The Trick To Substituting Nut Milk For Dairy In Your Go-To Soup Recipes

Soup is the perfect lunch or dinner, particularly during cool weather. It's easy to make a semblance of a meal with only a few ingredients, and it's not altogether imperative they're fresh either. It's possible to build flavor with frozen, canned, or dried items straight from the pantry. Plenty of soups feature beans, dehydrated mushrooms, grains, and jarred vegetables or seafood; you can generally get by without a trip to the market. But what if you're aiming to make a dairy-based recipe like clam chowder or cheesy broccoli and find you have no milk or cream in the fridge? Or perhaps you refrain because of an allergy or dietary restriction, yet you're experiencing an intense craving for carrot and parsnip bisque. Thanks to some basic techniques and kitchen ingenuity, there's no need to forfeit the enjoyment of these rich dishes. 

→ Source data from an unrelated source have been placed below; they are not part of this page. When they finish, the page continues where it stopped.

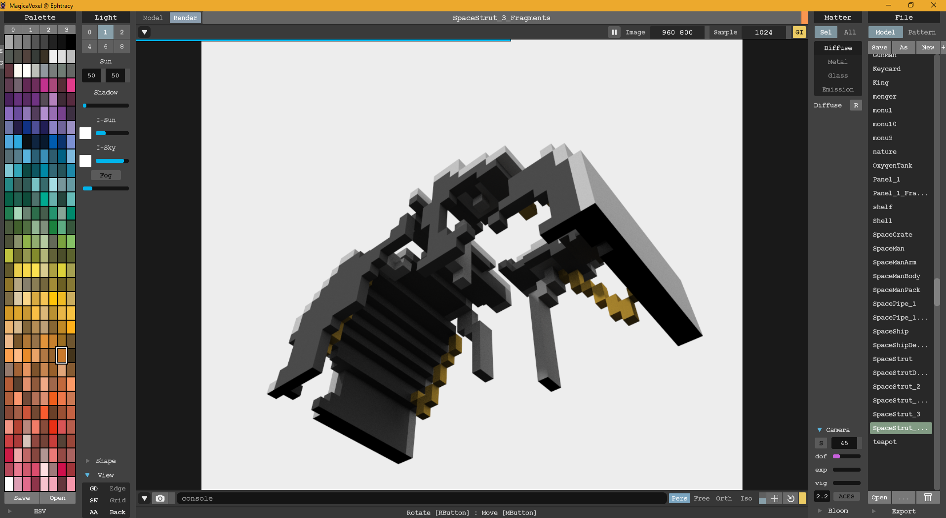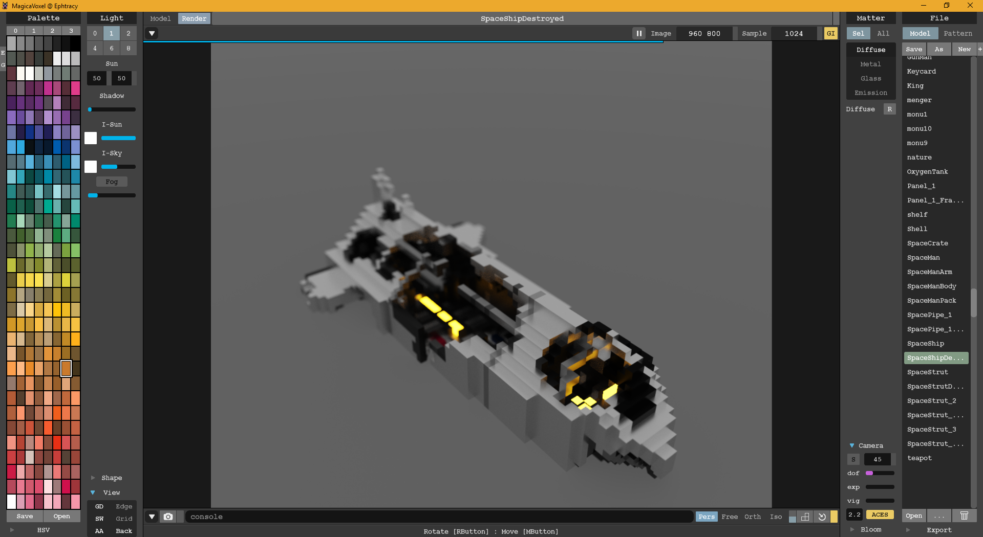 All of the 3D art was done in MagicaVoxel, an intuitive open source voxel based modelling package:
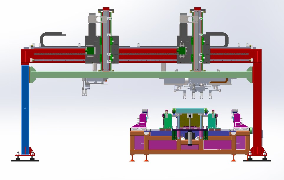 自動(dòng)排版機(jī)的主要功能單元有:玻璃輸送定位系統(tǒng)、抓取行走系統(tǒng)、視覺檢測系統(tǒng)、電控系統(tǒng)等;通過以上功能單元,實(shí)現(xiàn)了將自動(dòng)串焊機(jī)串焊好的電池串,按照工藝尺寸要求和排版方向順序自動(dòng)排版鋪設(shè)到玻璃(EVA已經(jīng)鋪設(shè))上,組成電池串陣列。玻璃/EVA通過傳輸線傳輸至指定位置,機(jī)械手抓取電池串實(shí)現(xiàn)CCD定位、自動(dòng)旋轉(zhuǎn)、自動(dòng)排版功能。設(shè)備通過同步帶傳輸與自動(dòng)生產(chǎn)線對接,實(shí)現(xiàn)了自動(dòng)流水作業(yè)。
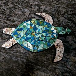 Mosaic Turtle Wall Decor featuring shades of blue mosaic tiles and reflective mirror pieces 14"ร11"$23Boca Raton, FL
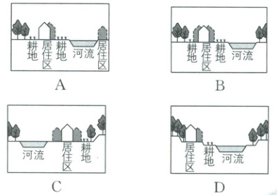C 该图从左到右依次是河流、居住区、耕地、山地,符合图文材料 正确
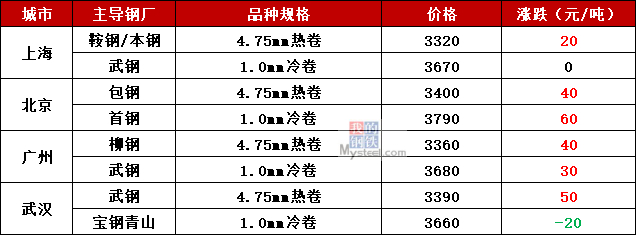6日乐从热卷涨40,4.75以上普柳燕沙3360-3380,2.75普3420-3430,锰卷3570-3580
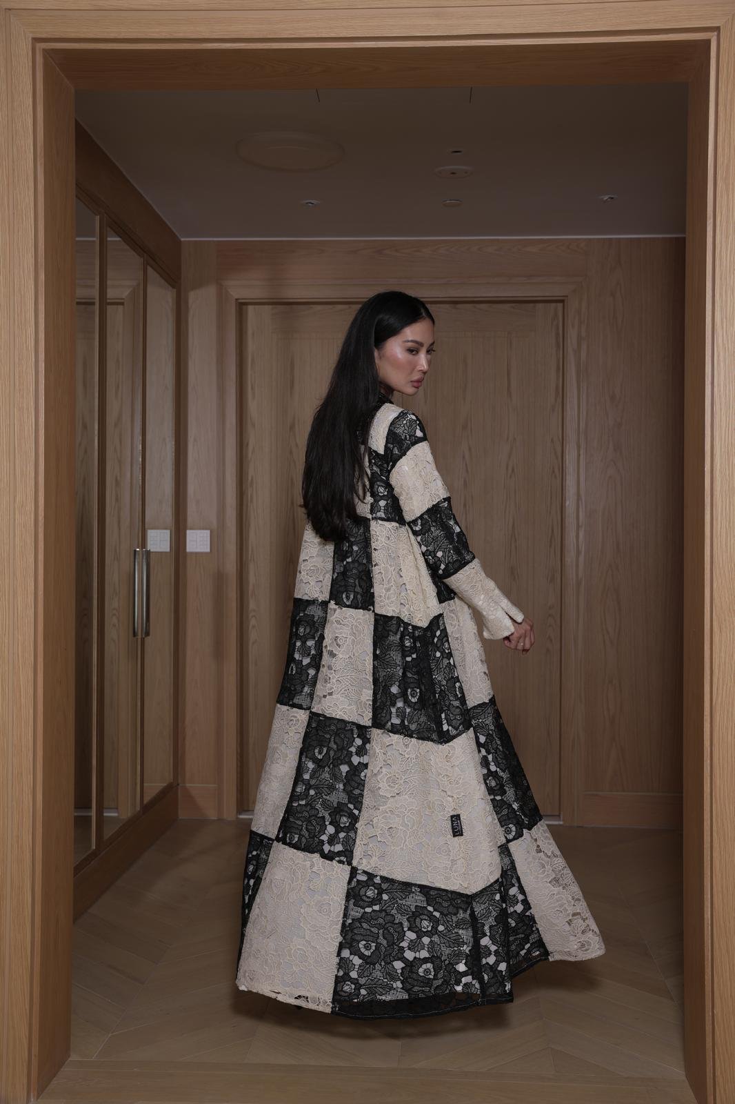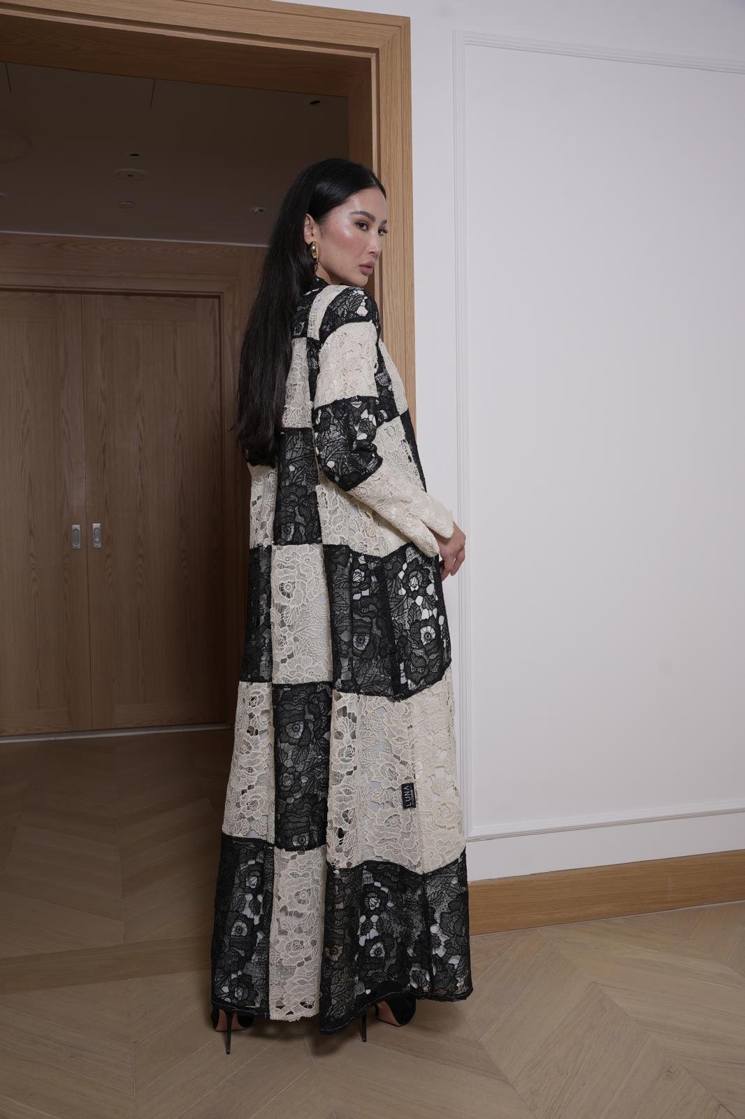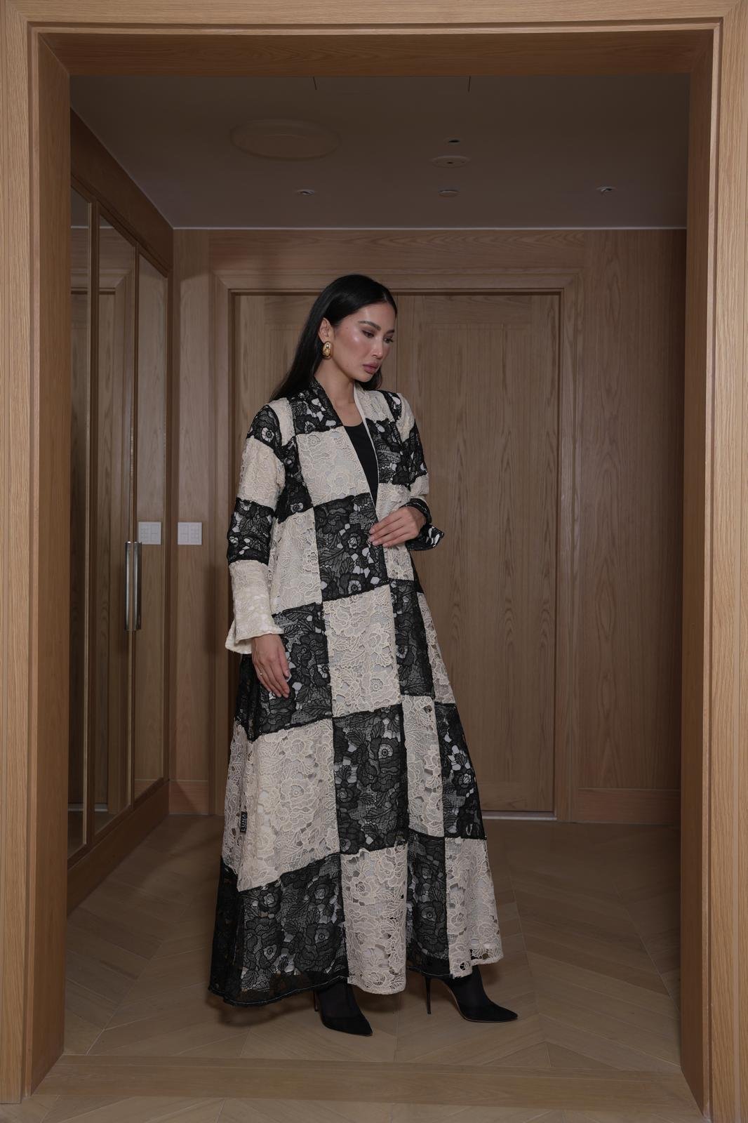 A-CUT ARCHITECTURAL ELEGANCE MEETS ARTISANAL LACE ABAYA. A BOLD, HAND-PANELED CHECKERBOARD OF INTRICATE FLORAL LACE IN CONTRASTING BEIGE AND BLACK. THIS STRUCTURED A-CUT SILHOUETTE OFFERS A MODERN,HIGH-FASHION TAKE ON CLASSIC MODESTY.

Nut milks have become a reliable alternative to dairy products. Widely available, affordable, and frequently sold in aseptic cartons that don't require refrigeration until opened, they're a practical substitute. Plus, the American Society for Nutrition contends that most plant-based milk is lower in calories, fat, and sugar as compared to whole-fat cow milk. Unfortunately, it's also lower in creaminess. Sometimes thin, insipid, or broken, dairy-free soups can lack the unctuous appeal that is almost the point. Yet, CBC recommends some surefire ways to make them thick and appetizing, including adding pureed white beans, blending half the soup, or allowing the natural starches from rice or potatoes to bolster the consistency. But they share an even simpler method.

Add a little time

CBC recommends using almond or cashew milk as an appropriate substitution for dairy milk or cream in soup making. If the liquid is a little thin for your liking, simply simmer it for a bit longer than usual with the cover off, so it can reduce slightly. This old trick is employed for concentrating flavors and changing the viscosity of pan sauces and works here too. Per More Than Gourmet, this is best done slowly and with consistent heat; don't crank the burner to reach a boil or you could end up with an over-reduced or split (aka curdled) sauce. 

Milk Pick explains that non-dairy milk is especially prone to splitting in environments of high heat and high acidity where the proteins separate more quickly, creating the curdling we all know and loathe. To avoid it, they suggest maintaining a low simmer, adding the milk a portion at a time, or heating it before incorporating it into the rest of the liquid. Additionally, opt for particular brands which are formulated to be more stable; Roasty Coffee lists Silk, Blue Diamond, and Pure Harvest among their top choices. By the same token, barista products developed to be combined with piping hot coffee are also suitable in soups. However, because they generally contain some added sugar, consider them only for recipes where a hint of sweetness won't be amiss, such as a pumpkin or tomato-cream bisque.

All said, we agree that time is an optimal soup thickener — next-day leftovers are always perfection.